Yes, use the Logger.log() method instead, and pass in a level constant:

import sys

# Map accel values to log levels
levels = (
    (10.0, logging.CRITICAL),
    (2.0, logging.WARNING), 
    (1.0, logging.INFO),
    (-sys.maxsize, logging.DEBUG)
)

logging.log(next(lev[1] for lev in levels if lev[0] <= accel),
    "Collision with %0.1fG impact.", accel)

You could encapsulate the level selection into a utility function:

def level_for_accel(accel):
    # return next matching log level for the given accel value
    return next(lev[1] for lev in levels if lev[0] <= accel)

logging.log(level_for_accel(accel), "Collision with %0.1fG impact.", accel)
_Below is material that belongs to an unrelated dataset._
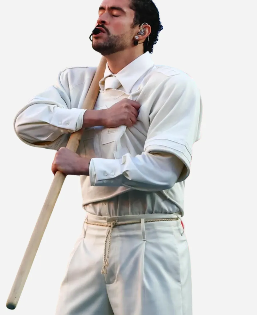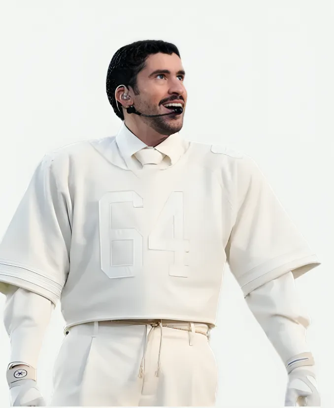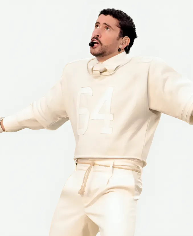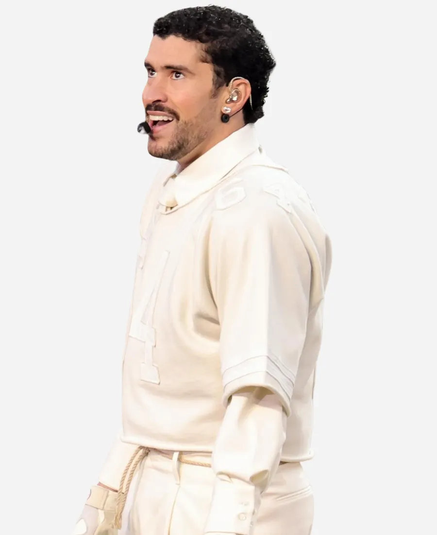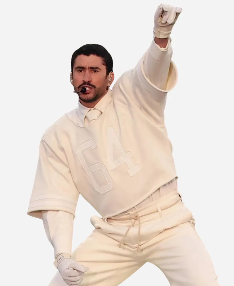 Flow with bright white color by donning the trendy Bad Bunny Super Bowl 2026 Halftime Show Jersey. For the fans of Bad Bunny, the well-known Puerto Rican rapper and singer. Your favorite Jacket Era is here with this alluring white jersey. Not an ordinary piece of clothing that keeps you comfortable. But this jersey is what elevates your outlook with sophistication and the true vibes of the Super Bowl LX Halftime Show. Furthermore, our favorite Bad Bunny wears this classy white jersey while performing during the Super Bowl 60 Halftime Show on February 8, 2026. Wearing this jersey, Bad Bunny steals the attention of numerous eyes with his handsome persona, showcasing his love for football. On the other hand, he provides his fans with a new, standout chic piece to style with 2026 Super Bowl LX flair. So, grab this jersey now and be the showstopper just like Bad Bunny.

Log levels are really integers, and the CRITICAL, WARNING, etc. values are merely constants. There are any number of ways you can turn one value (e.g. accel) into a matching log level with a few simple rules, in a more readable manner than a large number of if / else branches.

Answer 2

You could create a function which takes the variable accel and returns the appropriate logging function. and then call that. It would probably be cleaner and more maintainable code. Not to mention DRY.

def logger(accel):
    if accel >= 10.0:
        return logging.critical # Critical for splat event
    if accel >= 2.0:
        return logging.warning  # Warning for high-G
    if accel >= 1.0:
       return logging.info     # Info for normal
   else:
       return logging.debug    # Debug otherwise

Then you could use it as

logger(12)("hello world")